Wolfgang Mischnick (29 September 1921 – 6 October 2002) was a German liberal politician (FDP). From 1961 to 1963 he was Federal Minister for Expellees, Refugees and War Victims and from 1968 to 1991 Chairman of the FDP parliamentary group and opposition leader from 1968/69.

== Life ==
Mischnick was born 29 September 1921 and grew up in Dresden. After receiving his graduation from high school 1939, he was drafted into the military until the end of the war. As a former lieutenant in the Wehrmacht, the Soviet occupying forces forbade him to study engineering. As co-founder 1945 of the LDP in Dresden Mischnick was banned from writing and speaking very soon. To avoid arrest, he fled 1948 to Frankfurt am Main, where he joined the FDP.

== Political career ==
From 1957 to 1994 Wolfgang Mischnick was a member of the German Bundestag. From 1959 to 1961 he was Parliamentary Managing Director of the FDP parliamentary group.

After the Bundestag election in 1961, Mischnick was appointed Minister for Expellees, Refugees and War Victims in the federal government led by Chancellor Konrad Adenauer as the youngest minister. In 1963 he was deputy chairman and in 1968 chairman of the FDP parliamentary group. As such, he served as opposition leader until the Brandt government took office on 1969. In 1982 he argued for continuing the coalition with the SPD but to preserve party unity, supported the shift of support the (CDU/CSU).

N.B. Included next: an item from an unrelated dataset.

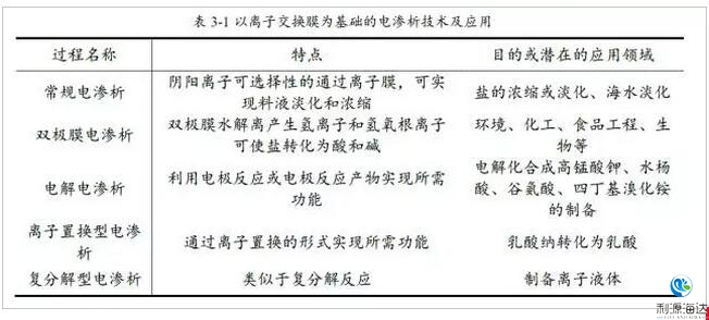 以離子交換膜為基礎的電滲析技術及應用如表(biǎo)3-1所示。

In 1991, Mischnick left the office of parliamentary group chairman at his own request, which he held longer than any other parliamentary group chairman in the history of the Bundestag. After reunion Mischnick played a leading role in merging the FDP and the LDPD in 1989-90. He then entered the Bundestag via the state list of Saxony, though previously he had always become a Bundestag member via the state list of Hesse.

== Positions ==
Mischnick was considered a committed social politician and sports sponsor. His main focus was on German-German relations and reconciliation with the East. 1973 he traveled with Herbert Wehner (SPD) to a meeting with the Chairman of the State Council Erich Honecker in the GDR to improve the relations.

== More information ==
From 1987 to 1995 Mischnick was chairman of the FDP-affiliated Friedrich Naumann Foundation in Gummersbach. There, in the archive of liberalism, can now be found the extensive estate of Mischnick. He died 6 October 2002 in Bad Soden (near his home in Kronberg).

== Awards ==
Mischnick got the Grand Cross of the Order of Merit of the Federal Republic of Germany and was grand officier de la légion d'honneur. He was awarded with the Great Gold Medal of Honor with Star of the Republic of Austria and with the Banner Order of the Hungarian Republic. He got the Order of Merit of the Free State of Saxony, the Hessian Order of Merit and several other medals.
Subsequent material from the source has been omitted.